**The task**
Print the data that follows word for word, leaving out any picture.

Source records
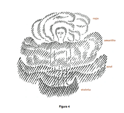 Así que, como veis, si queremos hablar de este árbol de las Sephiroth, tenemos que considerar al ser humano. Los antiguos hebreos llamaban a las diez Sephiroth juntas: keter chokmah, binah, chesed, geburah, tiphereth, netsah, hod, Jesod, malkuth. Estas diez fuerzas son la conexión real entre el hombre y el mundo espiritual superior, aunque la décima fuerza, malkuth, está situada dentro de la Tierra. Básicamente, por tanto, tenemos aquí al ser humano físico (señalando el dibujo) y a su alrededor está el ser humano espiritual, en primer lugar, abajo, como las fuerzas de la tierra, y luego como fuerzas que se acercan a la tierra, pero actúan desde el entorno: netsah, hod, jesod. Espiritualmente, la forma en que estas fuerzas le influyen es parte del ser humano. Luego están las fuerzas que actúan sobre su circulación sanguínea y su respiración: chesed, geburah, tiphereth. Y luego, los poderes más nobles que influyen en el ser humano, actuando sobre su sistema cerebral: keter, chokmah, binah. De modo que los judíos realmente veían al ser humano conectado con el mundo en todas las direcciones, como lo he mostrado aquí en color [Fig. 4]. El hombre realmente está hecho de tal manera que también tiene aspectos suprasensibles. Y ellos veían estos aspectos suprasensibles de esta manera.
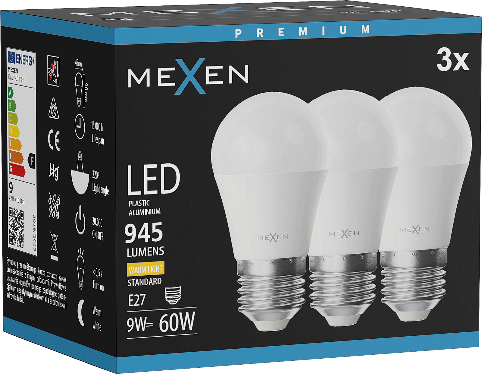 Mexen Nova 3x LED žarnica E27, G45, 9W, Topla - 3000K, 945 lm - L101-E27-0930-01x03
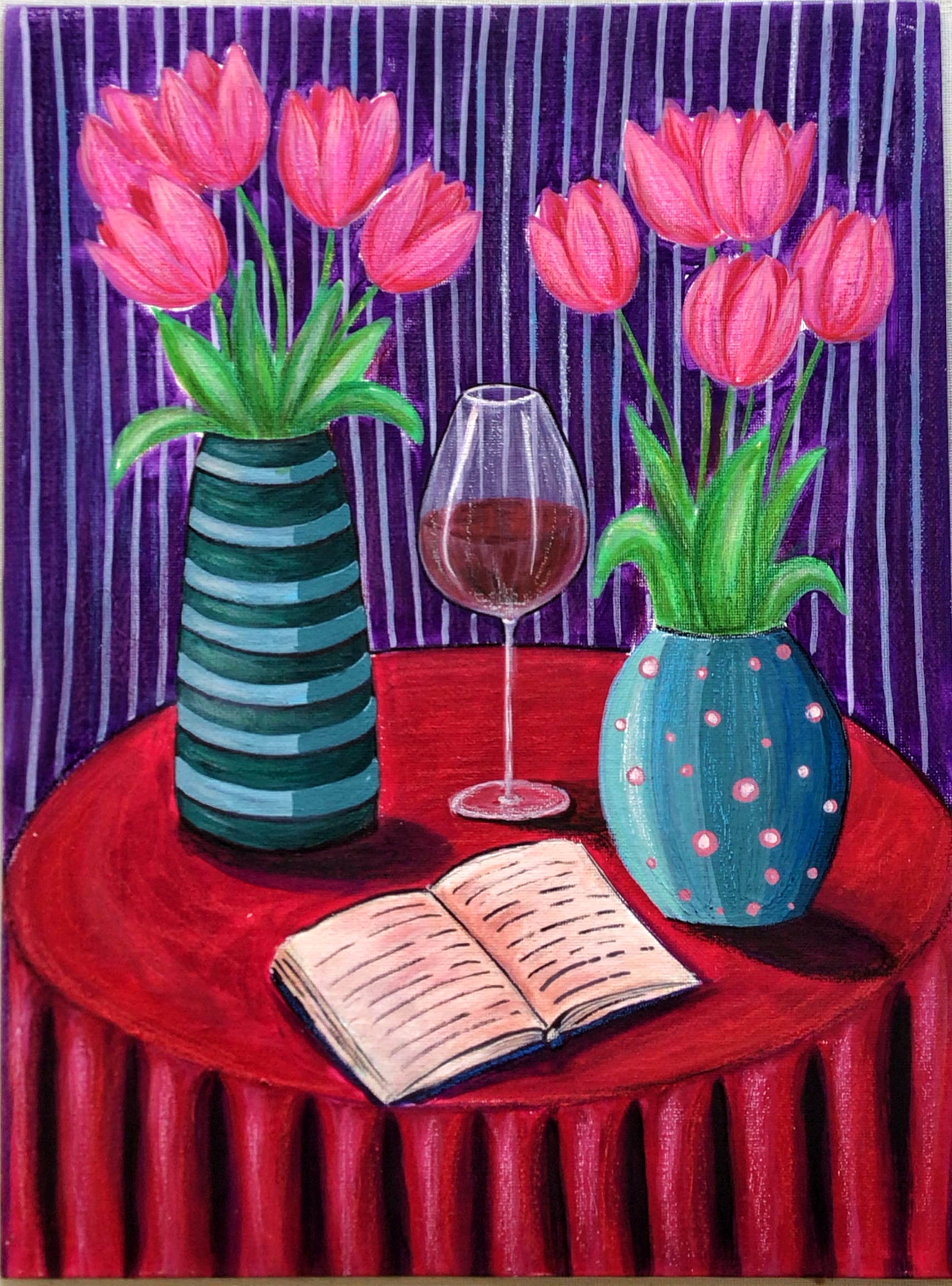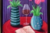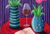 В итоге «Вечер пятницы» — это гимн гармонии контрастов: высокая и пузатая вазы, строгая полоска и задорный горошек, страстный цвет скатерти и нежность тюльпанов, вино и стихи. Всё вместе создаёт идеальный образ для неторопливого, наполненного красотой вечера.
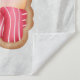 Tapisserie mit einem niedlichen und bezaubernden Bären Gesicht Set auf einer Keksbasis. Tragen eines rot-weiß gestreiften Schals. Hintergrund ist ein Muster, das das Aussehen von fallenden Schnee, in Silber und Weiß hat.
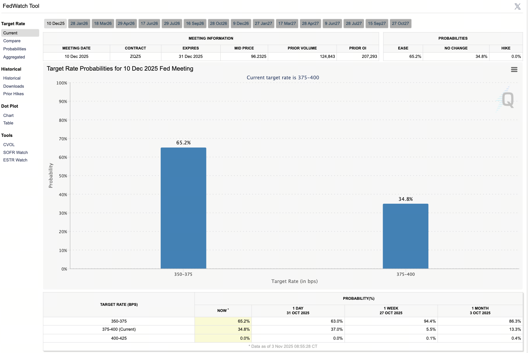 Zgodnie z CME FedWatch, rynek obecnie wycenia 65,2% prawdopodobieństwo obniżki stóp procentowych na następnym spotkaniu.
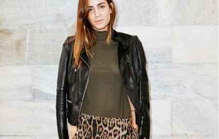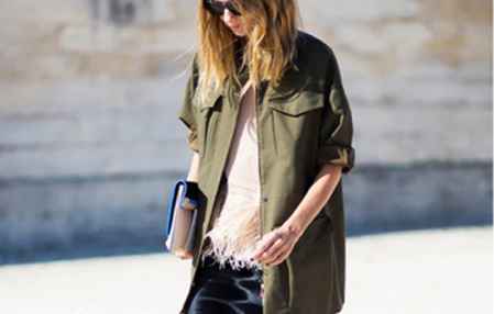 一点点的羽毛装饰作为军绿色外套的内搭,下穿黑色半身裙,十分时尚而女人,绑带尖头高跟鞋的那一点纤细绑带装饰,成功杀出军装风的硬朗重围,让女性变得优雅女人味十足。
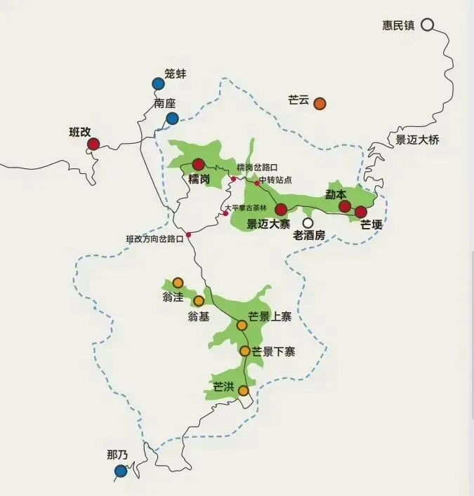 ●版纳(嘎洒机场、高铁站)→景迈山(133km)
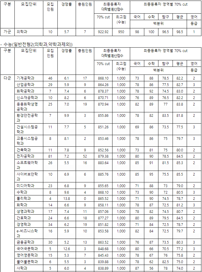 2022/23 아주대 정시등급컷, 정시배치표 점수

**Output for this task**
 Así que, como veis, si queremos hablar de este árbol de las Sephiroth, tenemos que considerar al ser humano. Los antiguos hebreos llamaban a las diez Sephiroth juntas: keter chokmah, binah, chesed, geburah, tiphereth, netsah, hod, Jesod, malkuth. Estas diez fuerzas son la conexión real entre el hombre y el mundo espiritual superior, aunque la décima fuerza, malkuth, está situada dentro de la Tierra. Básicamente, por tanto, tenemos aquí al ser humano físico (señalando el dibujo) y a su alrededor está el ser humano espiritual, en primer lugar, abajo, como las fuerzas de la tierra, y luego como fuerzas que se acercan a la tierra, pero actúan desde el entorno: netsah, hod, jesod. Espiritualmente, la forma en que estas fuerzas le influyen es parte del ser humano. Luego están las fuerzas que actúan sobre su circulación sanguínea y su respiración: chesed, geburah, tiphereth. Y luego, los poderes más nobles que influyen en el ser humano, actuando sobre su sistema cerebral: keter, chokmah, binah. De modo que los judíos realmente veían al ser humano conectado con el mundo en todas las direcciones, como lo he mostrado aquí en color [Fig. 4]. El hombre realmente está hecho de tal manera que también tiene aspectos suprasensibles. Y ellos veían estos aspectos suprasensibles de esta manera.
 Mexen Nova 3x LED žarnica E27, G45, 9W, Topla - 3000K, 945 lm - L101-E27-0930-01x03
 В итоге «Вечер пятницы» — это гимн гармонии контрастов: высокая и пузатая вазы, строгая полоска и задорный горошек, страстный цвет скатерти и нежность тюльпанов, вино и стихи. Всё вместе создаёт идеальный образ для неторопливого, наполненного красотой вечера.
 Tapisserie mit einem niedlichen und bezaubernden Bären Gesicht Set auf einer Keksbasis. Tragen eines rot-weiß gestreiften Schals. Hintergrund ist ein Muster, das das Aussehen von fallenden Schnee, in Silber und Weiß hat.
 Zgodnie z CME FedWatch, rynek obecnie wycenia 65,2% prawdopodobieństwo obniżki stóp procentowych na następnym spotkaniu.
 一点点的羽毛装饰作为军绿色外套的内搭,下穿黑色半身裙,十分时尚而女人,绑带尖头高跟鞋的那一点纤细绑带装饰,成功杀出军装风的硬朗重围,让女性变得优雅女人味十足。
 ●版纳(嘎洒机场、高铁站)→景迈山(133km)
 2022/23 아주대 정시등급컷, 정시배치표 점수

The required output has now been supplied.